Is it necessary to set a larger number of threads? This depends on the features of the task.

If the task is computing-intensive, it means that the task does not need to perform I/O operations, such as reading databases and reading files. Therefore, they do not involve synchronization and are completely independent between tasks. For example, if you use a batch processing program to read data from the Mock data source and test the performance when there are different threads in the non-thread pool, the following table is obtained:

Number of threads	Execution time (SEC)	Baseline percentage
1	255.6	100%
2	134.8	52.7%
4	77.0	30.1%
8	81.7	31.9%
16	85.6	33.5%

Draw some conclusions from the above:

When the number of threads is 4, the optimal performance is achieved, and the performance is not better when the number of threads is increased, because the CPU utilization has reached the highest, adding a thread only increases the competition for CPU resources between threads, thus reducing performance.

The baseline percentage is not an ideal 25% even when the CPU usage reaches the highest level, because the CPU resources are not exclusively exclusive to the application threads while the program is running, some background threads sometimes need CPU resources, such as GC threads and some system threads.

When the calculation is triggered by Servlet, the performance data is as follows (Load Generator will send 20 requests at the same time ):

Number of threads	Operations per second (OPS)	Baseline percentage
4	77.43	100%
8	75.93	98.8%
16	71.65	92.5%
32	69.34	89.5%
64	60.44	78.1%

Conclusion from the preceding table:

When the number of threads is 4, the performance is optimal.
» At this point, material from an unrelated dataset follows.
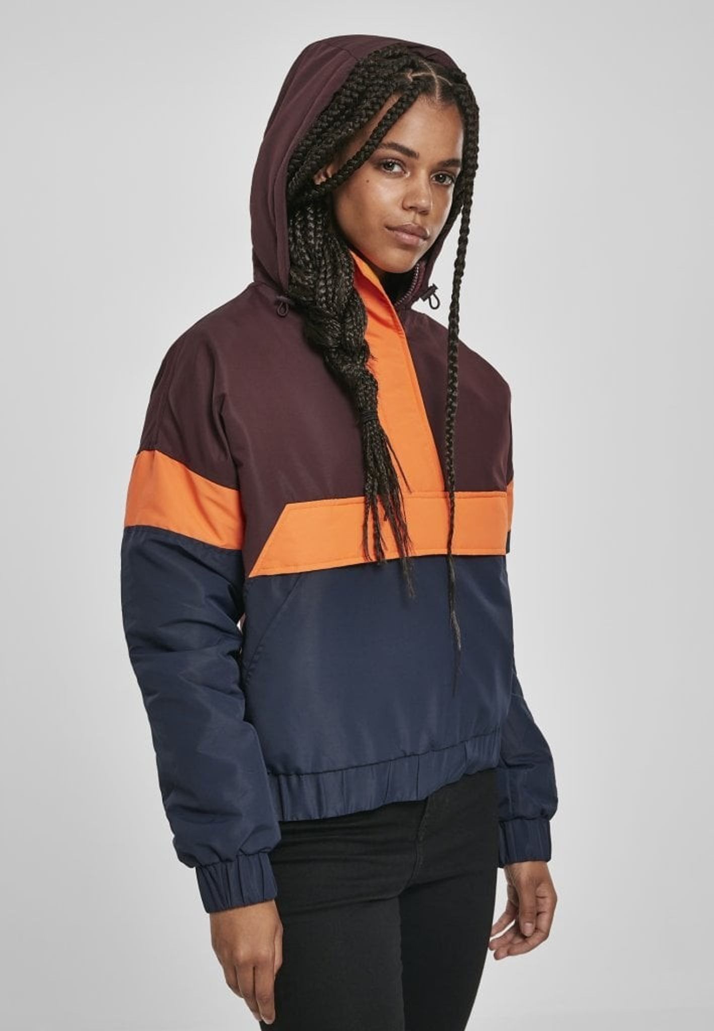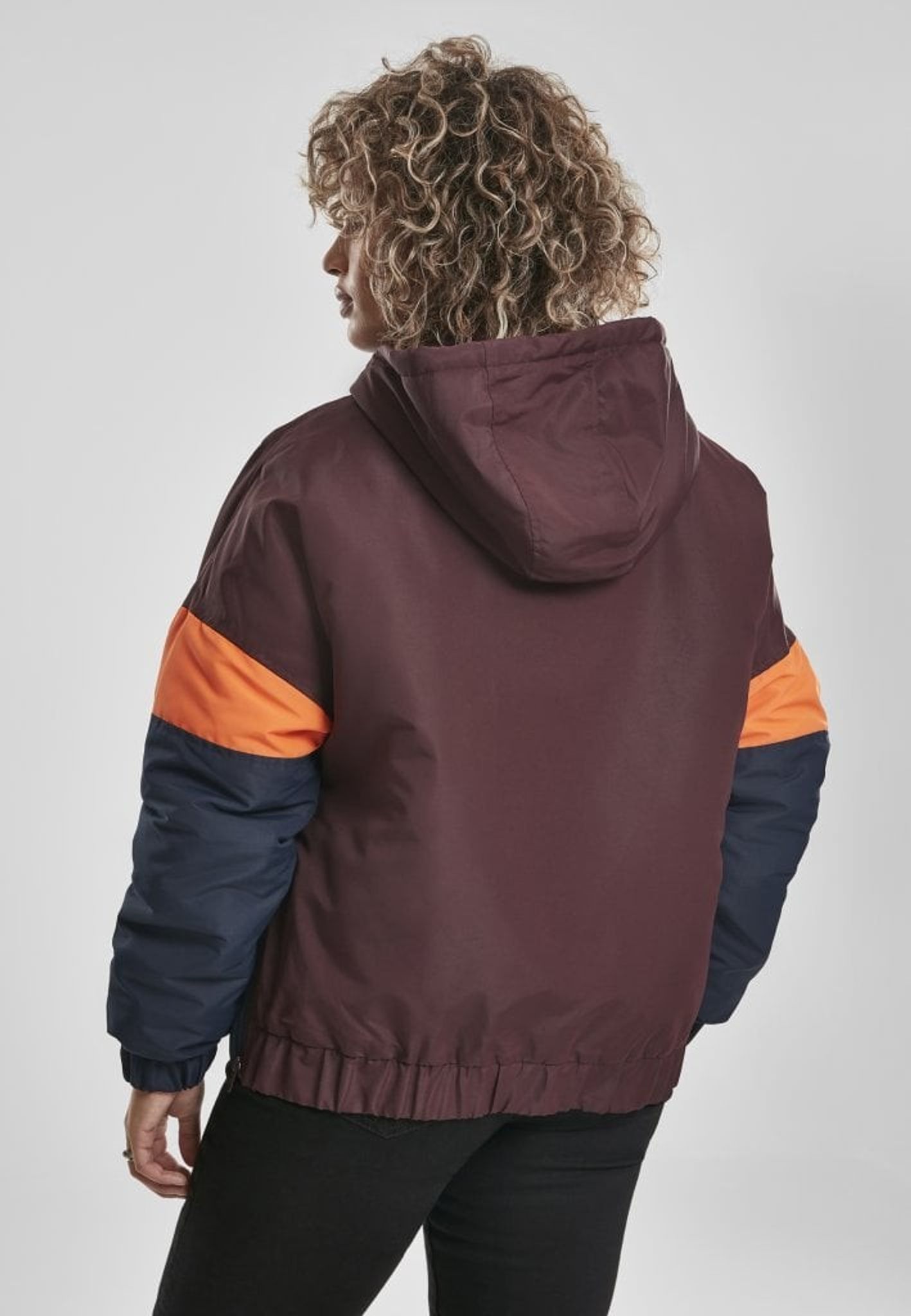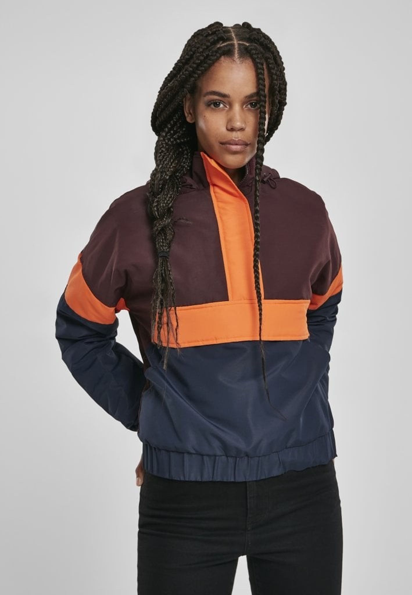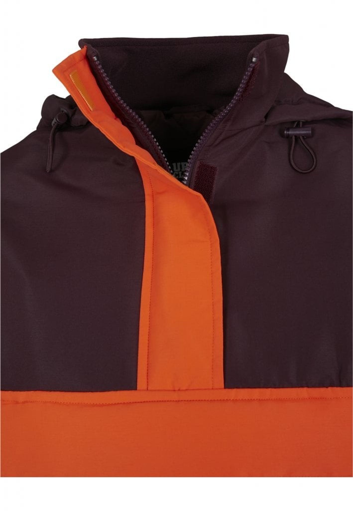 - Mönster: färgerna bildar ett mönster på jackan. Ovandelen av jackan är vinröd och nederdelen är blå och mitt på är det oranga breda ränder
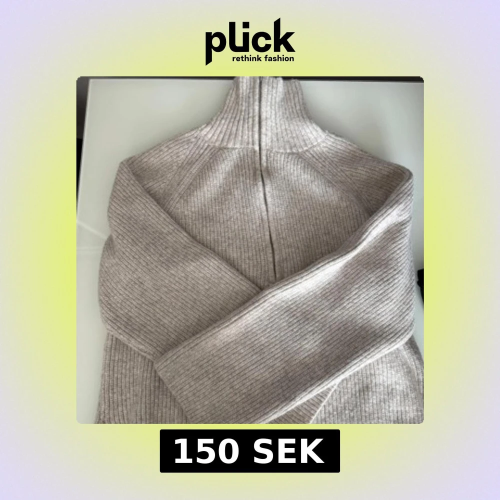 Säljer en beige ribbstickad tröja från H&M med hög krage och half zip-dragkedja. Materialet är mjukt och stickat. Använd 1 gång!

Because the task type is computation-intensive and has only four CPUs, when the number of threads is 4, the optimal condition is achieved.
As the number of threads increases, the performance degrades because the threads compete for CPU resources, causing frequent thread switching to execute the Context Environment, which only wastes CPU resources.

The speed of performance degradation is not obvious. This is also because the task type is computing-intensive. If the performance bottleneck is not the computing resources provided by the CPU, but external resources, such as databases and file operations, the performance may be more obvious when the number of threads is increased.

Next, from the Client perspective, what is the impact of the number of concurrent clients on the Server response time? In the same environment, when the number of concurrent clients increases gradually, the response time will change as follows:

Concurrent Client threads	Average response time (SEC)	Baseline percentage
1	0.05	100%
2	0.05	100%
4	0.05	100%
6	0.076	152%
8	0.104	208%
16	0.212	424%
32	0.437	874%
64	0.909	1818%

The task type is computation-intensive. When the number of concurrent clients is 1, 2, and 4, the average response time is optimal. However, when there are four more clients, the performance will decrease significantly as the Client increases.

When the number of clients increases, you may want to increase the performance by increasing the number of threads in the server thread pool. However, in the case of CPU-intensive tasks, this will only reduce the performance. Because the bottleneck of the system is the CPU resources, increasing the number of threads in the thread pool will only make the competition for such resources more intense.

Therefore, in the face of performance issues. The first step is to always understand the bottleneck of the system so that we can be targeted. If we initiate the so-called "tuning" to make the competition for bottleneck resources more intense, we will only bring about a further decline in performance. On the contrary, if you reduce the competition for bottleneck resources, the performance will usually increase.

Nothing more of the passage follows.